## Data
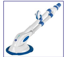
Nettoyeurs automatiques Automatische zwembadreiniger
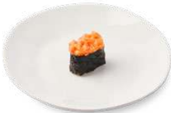
Спайси лосось Spicy Salmon
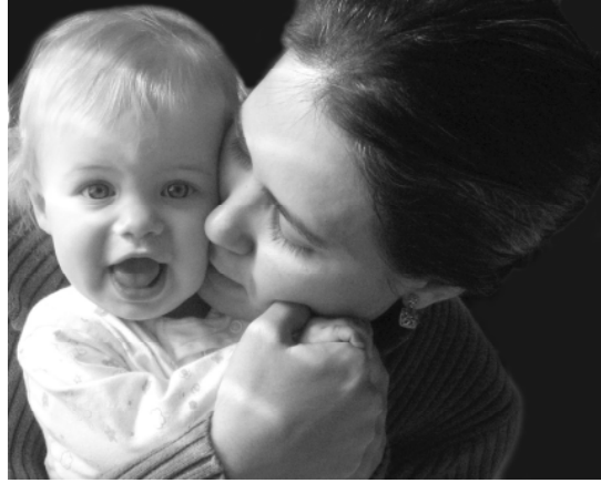
Resim 1.6: Çocuğun sevme, sevilme, güvenme, bağımsız olma gibi psikososyal ihtiyaçları da vardır
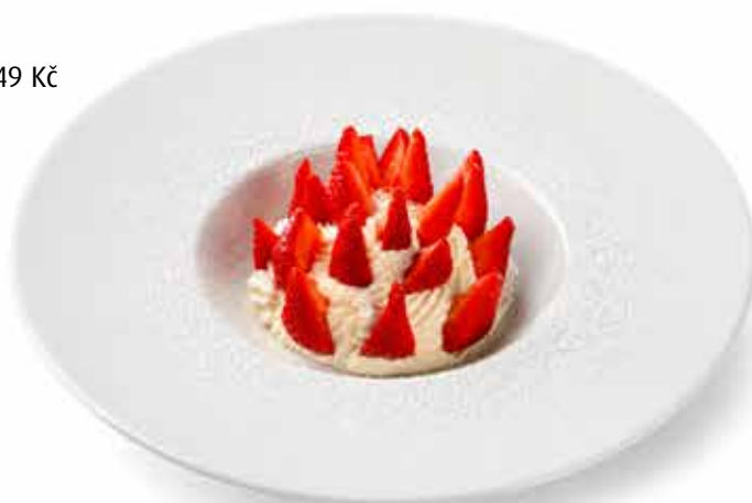
MASCARPONE E FRAGOLE (7) 149 Kč šlehané mascarpone s čerstvými jahodami mascarpone with fresh strawberries

## Task statement
Return exactly the lines from the line with "Resim 1.6: Çocuğun" through the last line of the data above, both included; pictures do not go in the answer.

## Reply
Resim 1.6: Çocuğun sevme, sevilme, güvenme, bağımsız olma gibi psikososyal ihtiyaçları da vardır
MASCARPONE E FRAGOLE (7) 149 Kč šlehané mascarpone s čerstvými jahodami mascarpone with fresh strawberries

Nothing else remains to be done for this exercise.